With one week before the start of the semester, I chose to read Debby Applegate's book, The Most Famous Man in America: The Biography of Henry Ward Beecher. I had leafed through several other books on my shelves, including Sarah Rivett's The Science of the Soul in Colonial New England and Amanda Porterfield's Conceived in Doubt: Religion and Politics in the New American Nation, but I decided to take a break from reading academic monographs. I couldn't have picked a more refreshing book than Applegate's.
I'm about half-way through and can easily say that this is an extremely well-written and engaging biography of arguably the most famous American preacher in the nineteenth century. Henry Ward Beecher was the brother of Harriet Beecher Stowe and the son of Lyman Beecher, the New England minister who went on to serve as the founding president of Lane Theological Seminary in Cincinnati, Ohio. Applegate presents H. W. Beecher as a shy boy who overcomes his insecurities to become a masterful rhetorician and extroverted preacher. Over time Beecher rejects the message that he was accustomed to hearing as a child of God's judgment, instead promoting the love of God towards humanity. Toward the end of his life, Beecher gained national headlines when he was accused of having an adulterous relationship with one of his parishioners.

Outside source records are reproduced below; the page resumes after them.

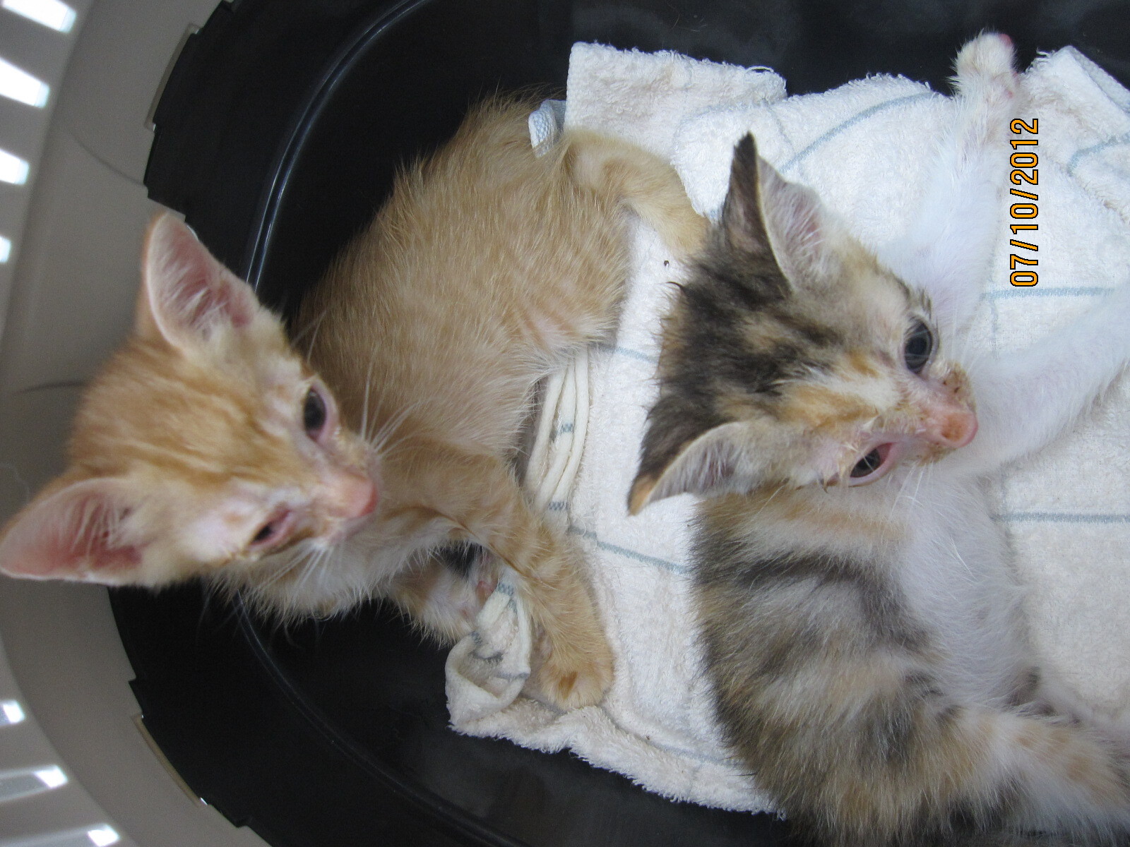 有二隻小貓前腳是畸形的,,前二腳是粘在一起是蹼狀,腳指頭没有分開,因還小,還不能判斷會不會影響以後的行走
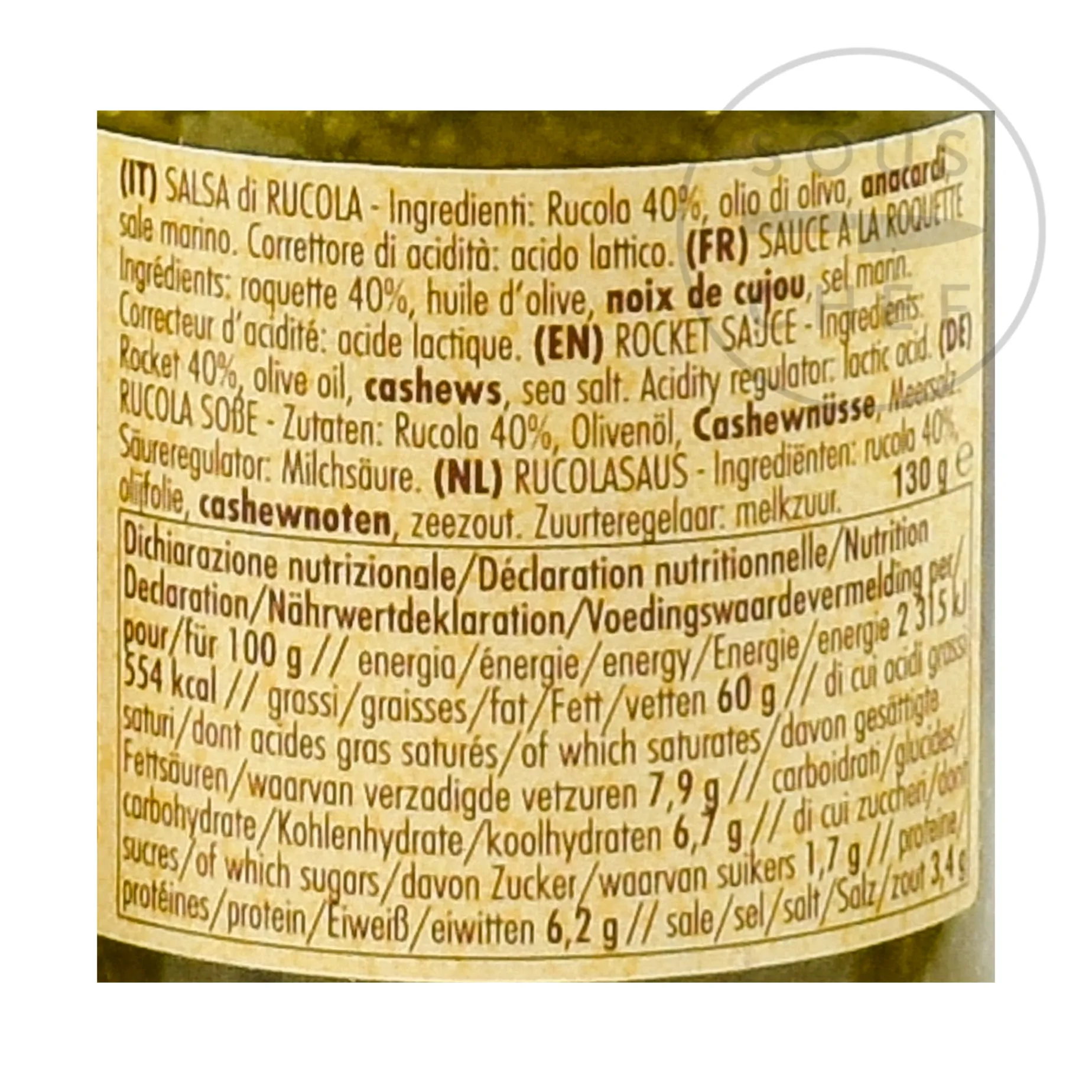 Product formulations and details may change. For the latest ingredients and allergen information always check product packaging prior to consumption. Ingredients: rocket (40%), olive oil, cashews, sea salt, acidity regulator: lactic acid. Contains allergens: nuts.
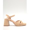 Sandalia de rafia con tiras cruzadas en la pala, ajuste de tira con hebilla al tobillo, plantilla acolchada, tacón ancho forrado de 7cm y plataforma de 2cm
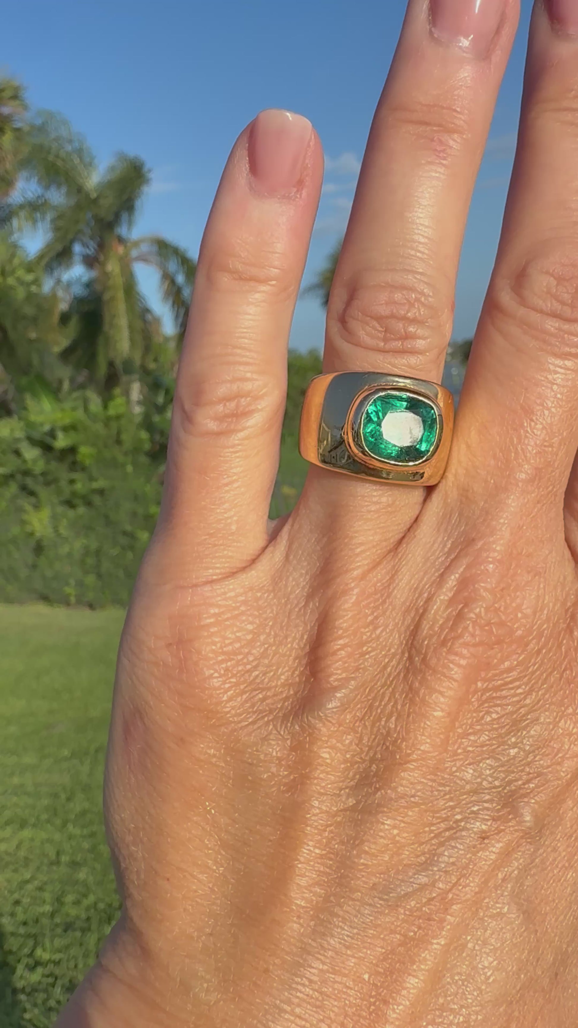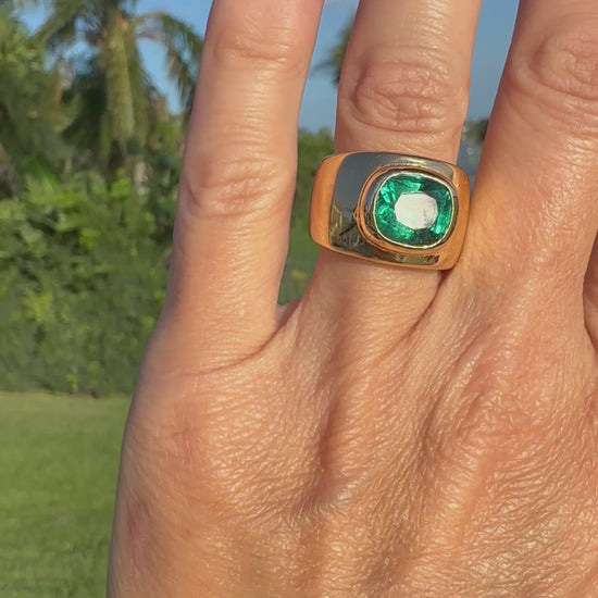 A stunning Handmade Emerald Green 4 carat Tourmaline set in 14k Raised Bezel Cigarband. The center stone weighs 4 carats and has a beautiful deep emerald green color. In direct light the stone glows a beautiful bright green. The setting is very comfortable and heavy, it weighs 18g of solid 14k gold.
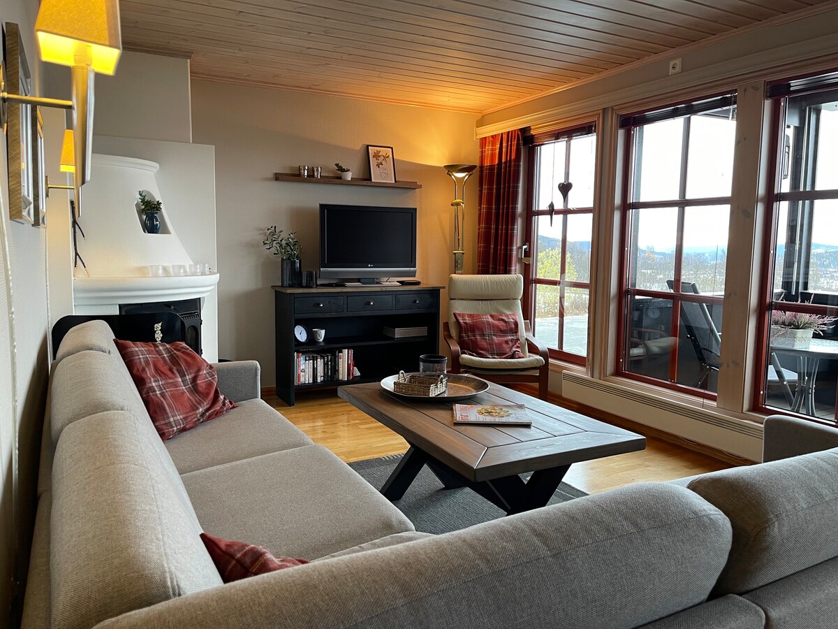 In Beito, 3 km below Beitostølen, we have a great apartment with a panoramic view of Slettefjell. The apartment is delicately furnished, has sunny balconies and is well located with ski slopes and hiking trails nearby. The apartment has 2 bedrooms, a large bathroom with shower/wc and a separate wc. On the main floor there are two balconies, living room with kitchen, WC, and bedroom with bunk beds. Down the stairs is a large bathroom and bedroom with a double bed, as well as a balcony
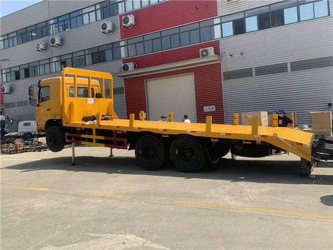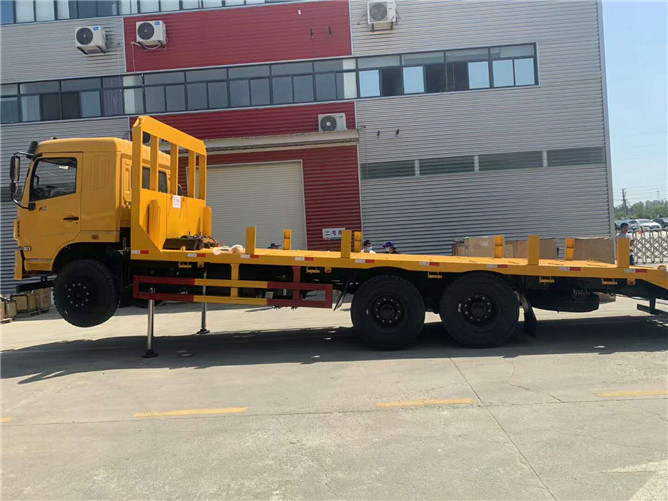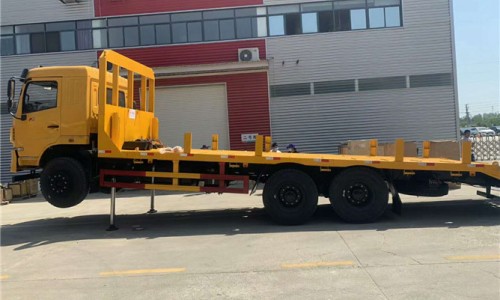 東風華神平板運輸車,加裝前液壓支腿,液壓折疊爬梯,2個卷揚!EQ5250TPBL,玉柴240馬力,4350+1300軸距,法士特八檔變速箱,雙層280車架,前后橋5T/10T。11.00R20鋼絲胎。遮陽罩,中控鎖,氣囊座椅,空調(diào),行車記錄儀。整車尺寸:10800/9890*2500*3250。
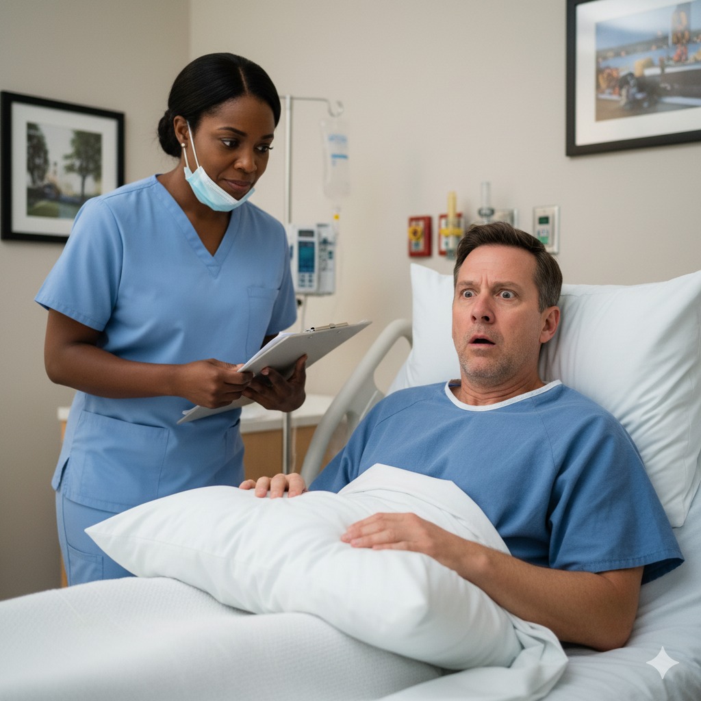 When he came to, he was lying in a hospital bed, pale and confused. A nurse stood beside him, shaking her head.
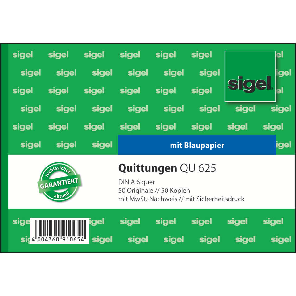 Quittungs-Formular mit einer Kopie, Format A6 quer, mit MwSt.-Nachweis. Fälschungssicherer Dokumentendruck. Original mit anwenderfreundlicher Abheftlochung und ultra-feiner Microperforation für leichtes und sauberes Abtrennen, die weiße Kopie ohne Perforation verbleibt zur Sicherheit im Buch. Formularbuch mit besonders haltbarer Spezial-Rückenleimung, inklusive Blaupapier.
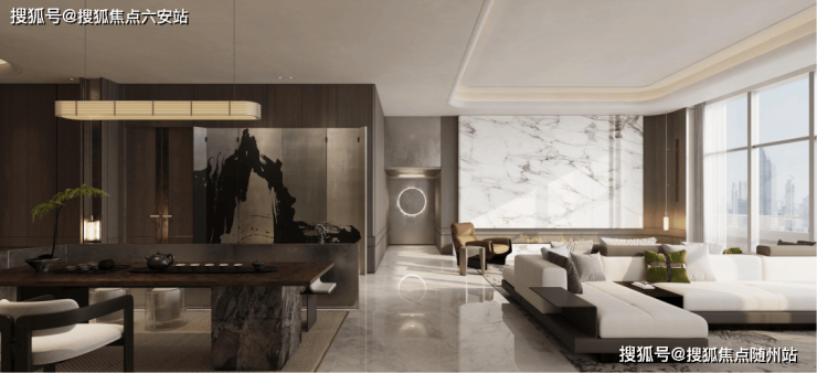 近100㎡的无界社交厅,既能满足家庭日常互动,也能承载圈层宴请、朋友聚会等需求,充分匹配高端客群的社交场景。这一奢阔方厅为家庭成员提供了多样的互动空间,无论是家庭聚会还是商务接待都能从容应对。
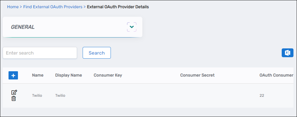 Clicking on the link opens the External OAuth Provider Details page for Twilio. In the below image, the General panel is collapsed.
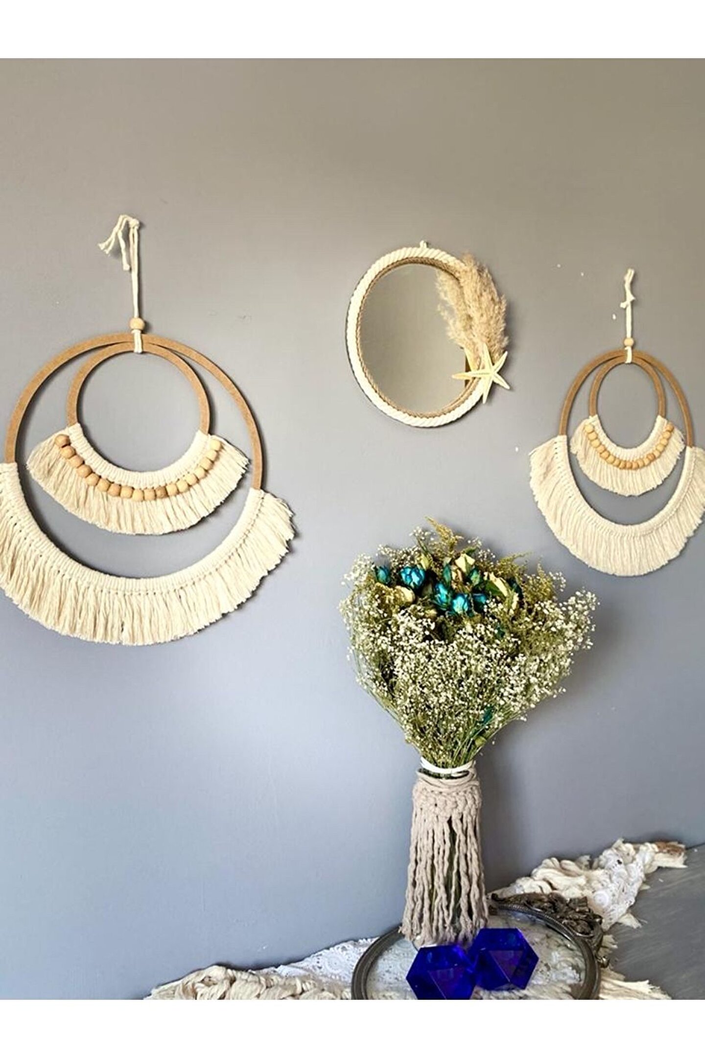Wall Decoration Art Bohem Makrome Yıldız Ve Boncuk Detaylı Duvar Dekorasyon Ürünü 3’lü Set
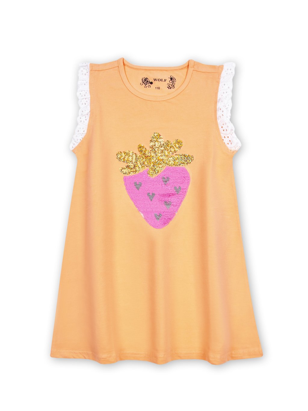 Dziewczęcy t-shirt, podkoszulek z cekinami - Wolf S2923, morelowy
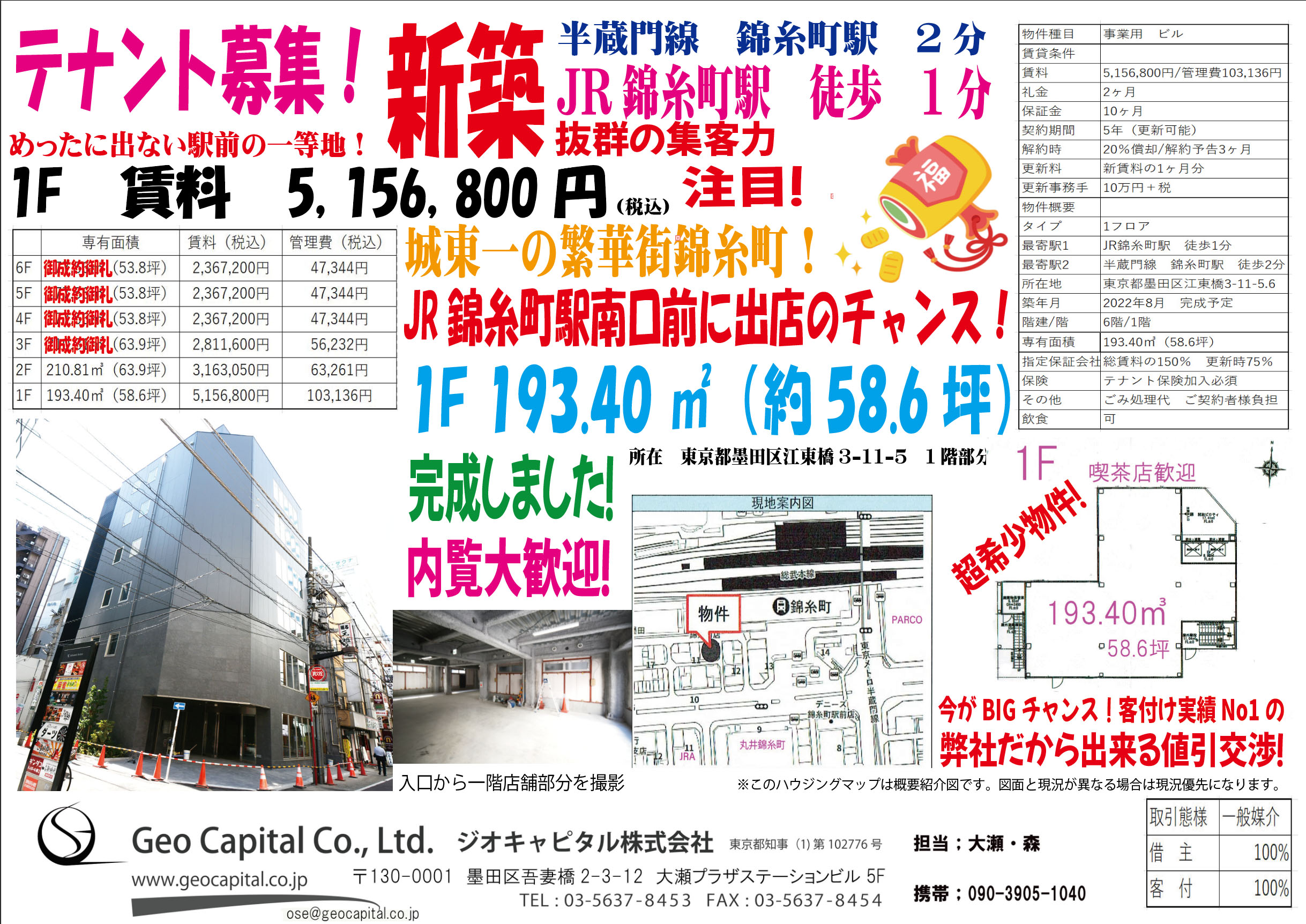 | 1F | 5,156,800円/103,136円 | 2カ月/10カ月 | 193.40㎡(58.6坪) | 詳細はこちら |

Applegate is a superb writer, and the book is very well researched (Applegate earned a PhD in American Studies at Yale University). There is one issue, however, that I did not think received adequate treatment. She presents Lyman Beecher as a "Puritan" who preached "fire and brimstone" messages on God's wrath and judgment. Yet after these opening chapters on the elder Beecher's role as the town dictator of Litchfield, Connecticut, she sneaks in that he was scrutinized by conservative Calvinists for holding liberal theological views. After he moved to Cincinnati, Lyman was put on trial for his perceived heterodoxy (he was acquitted). In reading this type of background information, one wonders if Applegate had digested the nuances between the various types of Calvinism taught and practiced in the late eighteenth and early nineteenth century. In fairness, some of the debates between the Old and New School Presbyterians and New England and New Haven ministers are difficult to digest. Nonetheless, it would have been nice to have placed Lyman Beecher within the proper theological context.
Putting aside these comments, I can't praise this book enough. I would recommend it to anyone wanting to read an intelligent biography about a key American figure.